This operator is useful in optimizing performance of inference workloads, for example Stable Diffusion which uses flavor=1.

Some layers can be sensitive to Softmax accuracy and its numerical stability so applying the fastest option (2) for all the layers may harm model output. Therefore, collecting statistics for each layer (min and max of maximums along the last dimensions) can help to find layers suitable for applying this optimization: if min and max are far away from 0 then subtracting the maximum will be required for numerical stability. Also, using CustomSoftmax only in selected layers may help with optimizing the model if some layers are very sensitive to Softmax accuracy.

The below shows a usage example:

import habana_frameworks.torch.hpex.kernels as hpu_kernels

attn_weights = attn_weights * self.inv_scale_attn
attn_weights = attn_weights + attention_mask
attn_weights = hpu_kernels.CustomSoftmax.apply(attn_weights, 2) # flavor=2

hpex/kernels/FBGEMM

FBGEMM (Facebook GEneral Matrix Multiplication Kernels Library) is a collection of high-performance operator libraries designed for training and inference. The habana_frameworks.torch.hpex.kernels.fbgemm package provides the following APIs:

  • bounds_check_indices - Checks and corrects any invalid values of the provided indices and offsets.

  • expand_into_jagged_permute - Expands the permute index for sparse data from the table dimension to the batch dimension in cases where the sparse features have different batch sizes across ranks.

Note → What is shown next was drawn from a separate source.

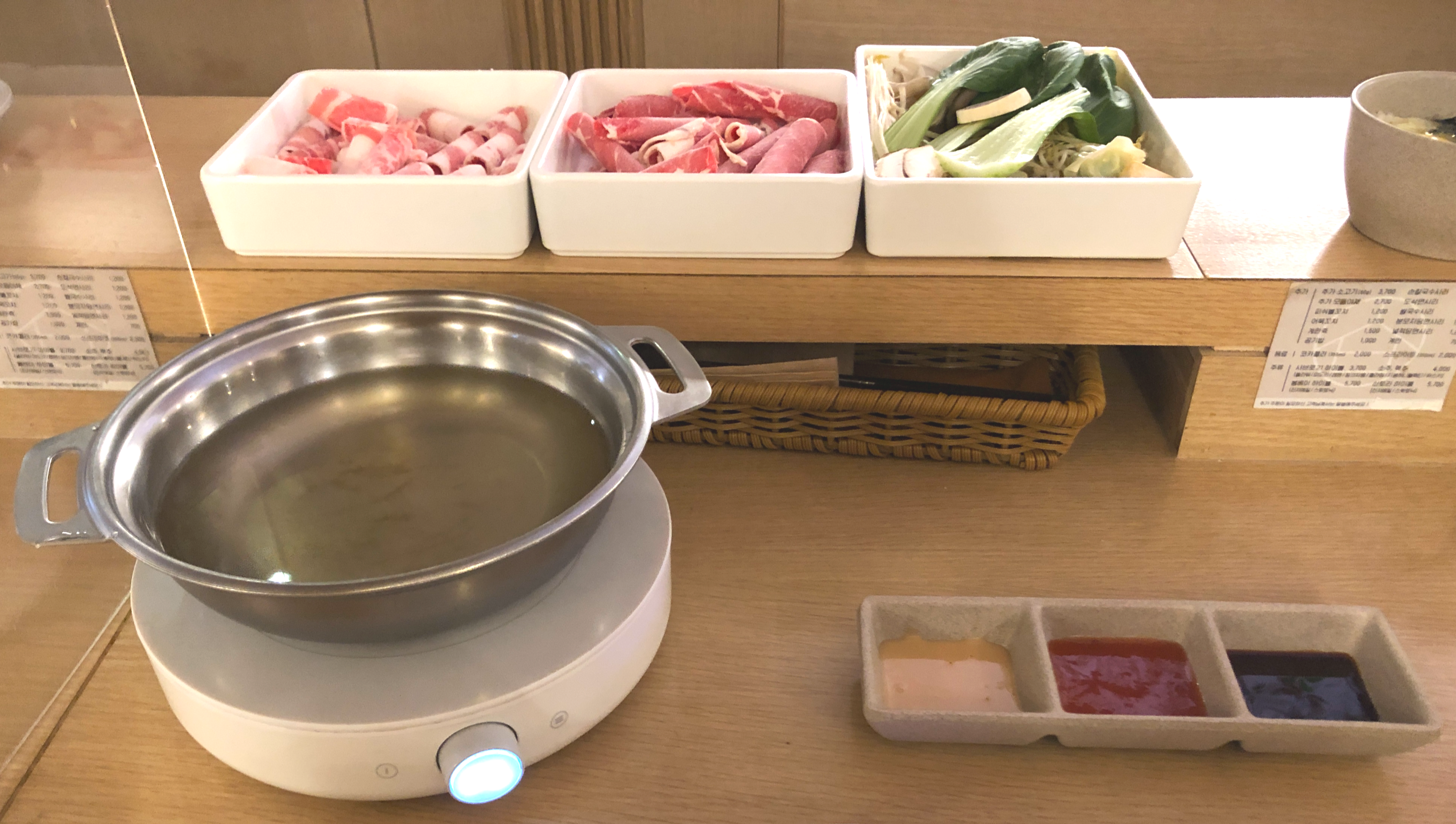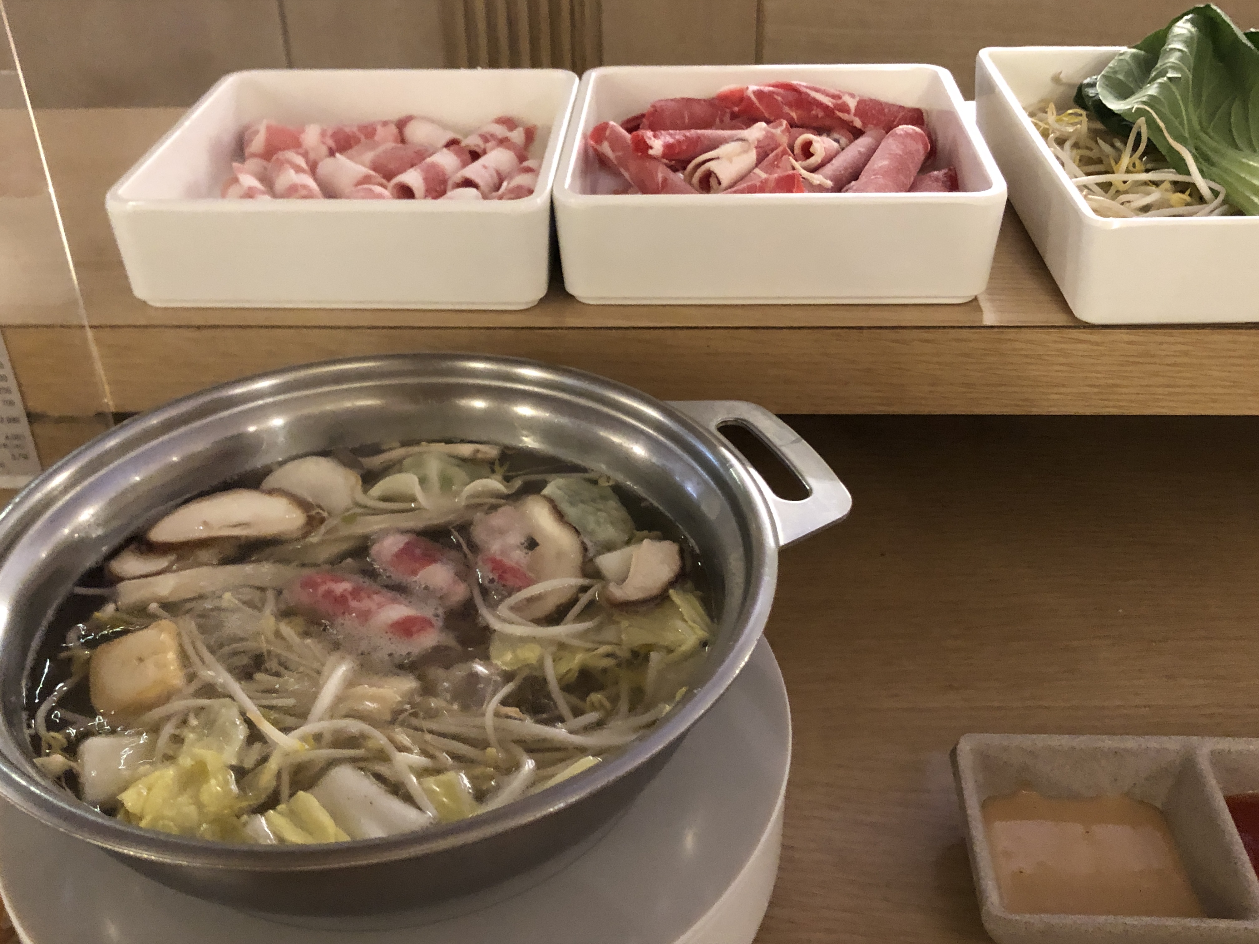 샤브로21 내부입니다. 처음에 들어갔을 때 마라향이 난다고 생각했는데 마라가 들어간 육수 메뉴도 있었어요. 여러 명이서 온 손님도 있었지만 혼자서 온 손님들도 많았고요. 아크릴 칸막이도 쳐져 있었고 딱 혼밥하기 좋은 구도였어요.

  • permute_1D_sparse_data - Shuffles lengths, indices and weights tensors according to the values in permute tensor.

  • permute_2D_sparse_data - Shuffles lengths, indices and weights tensors according to the values in permute tensor.

  • split_embedding_codegen_lookup_function - A simple lookup table that stores embeddings for a fixed dictionary of a specific size..

  • split_permute_cat - Replaces the combination of split_with_sizes, permute, and cat operations.

The below shows a usage example:

import torch
from test_utils import hpu
from habana_frameworks.torch.hpex.kernels.fbgemm import split_permute_cat

B = 3; F = 3; D = 8
input = torch.randn(B, F * D, dtype=torch.float32)
indices = torch.randperm(F)

output = split_permute_cat(input.to(hpu), indices.to(hpu), B, F, D)
print(output.cpu())

hpex/kernels/FusedSDPA

FusedSDPA is a fused implementation of torch.nn.functional.scaled_dot_product_attention() for Gaudi. It maintains the same functionality and interface as the original function but with reduced memory usage.

FusedSDPA implements selected Flash Attention optimization approaches applicable to HPU.

There are two operation modes: Recompute mode (default) and No-recompute mode. For further details, see Using Fused Scaled Dot Product Attention (FusedSDPA).

To select or query operation modes, use the following APIs:

  • habana_frameworks.torch.hpu.sdp_kernel(enable_recompute = True) - Context manager based control to temporarily/locally (i.e, within the current context) enable recompute mode.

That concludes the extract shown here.